Most of our cases, thankfully, do not involve conduct as egregious as was alleged in Walters and Georgia courts have shown a willingness to deny plaintiffs’ spoliation motions. For example, in the more recent Court of Appeals decision in Powers v. Piggly Wiggly, 2013 Ga. App. LEXIS 212 (March 18, 2013), Plaintiff fell while exiting the store and later filed a motion for spoliation after the store had taped over the incident in the ordinary course of business. The Court affirmed the trial court’s refusal to impose sanctions for spoliation, relying on the store manager’s timely response and follow-through, and his understandable reliance on Plaintiff’s initial indications that she was uninjured.
The Court in Powers also relied on previous decisions, noting that “[s]poliation refers to the destruction or failure to preserve evidence that is necessary to contemplated or pending litigation. …We have held that [the mere] contemplation of potential liability is not notice of potential litigation. . . . The simple fact that someone is injured in an accident, without more, is not notice that the injured party is contemplating litigation sufficient to automatically trigger the rules of spoliation.” Powers at *5.

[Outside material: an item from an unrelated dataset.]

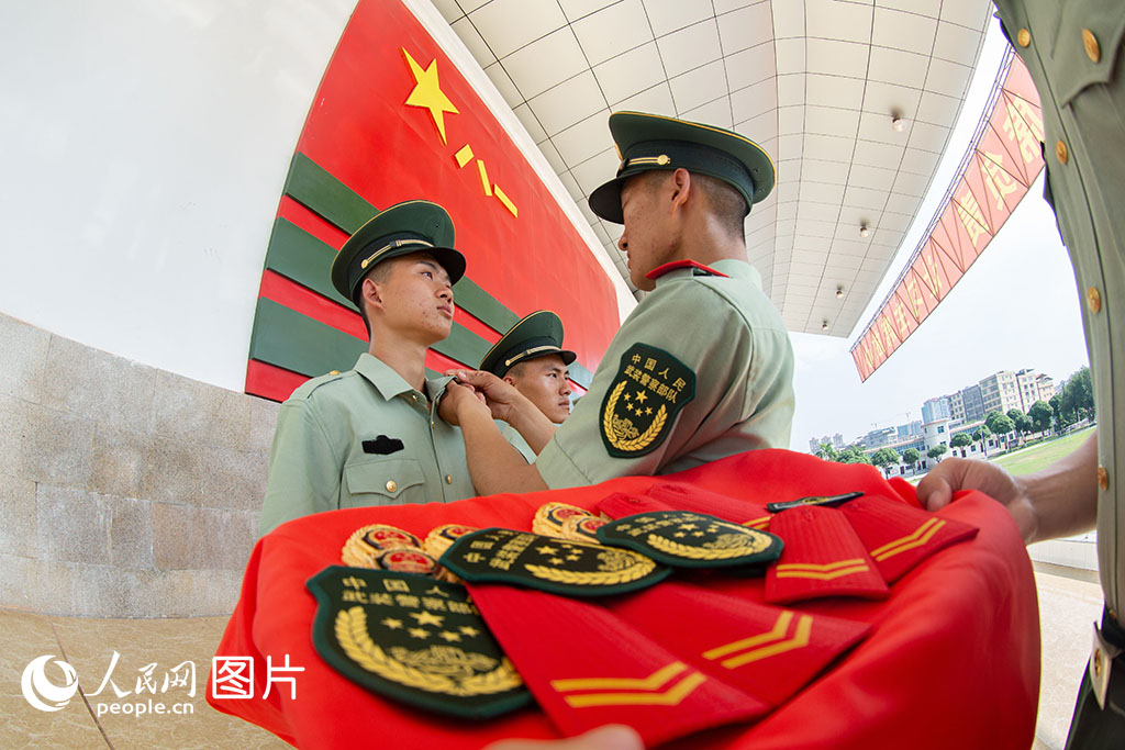 8月30日,武警广西总队机动支队举行满服役期士兵交接枪支与卸衔仪式。

My two cents: remind our insureds to take good care to preserve all evidence that they anticipate could be relevant to a future claim. Often, video surveillance evidence will ultimately be more helpful to us than to plaintiffs! If evidence is lost and spoliation motions are filed, vigorously defend them and know that Georgia courts will most often make the right decision. And finally, what’s good for the goose is good for the gander. I recently filed a motion for sanctions against plaintiffs who had “lost” a video taken just minutes after a catastrophic crash. Suffice it to say that they not only found the video (and abandoned their claim that certain traffic signs were not in place) but are now going to have to defend against my motion for costs and fees.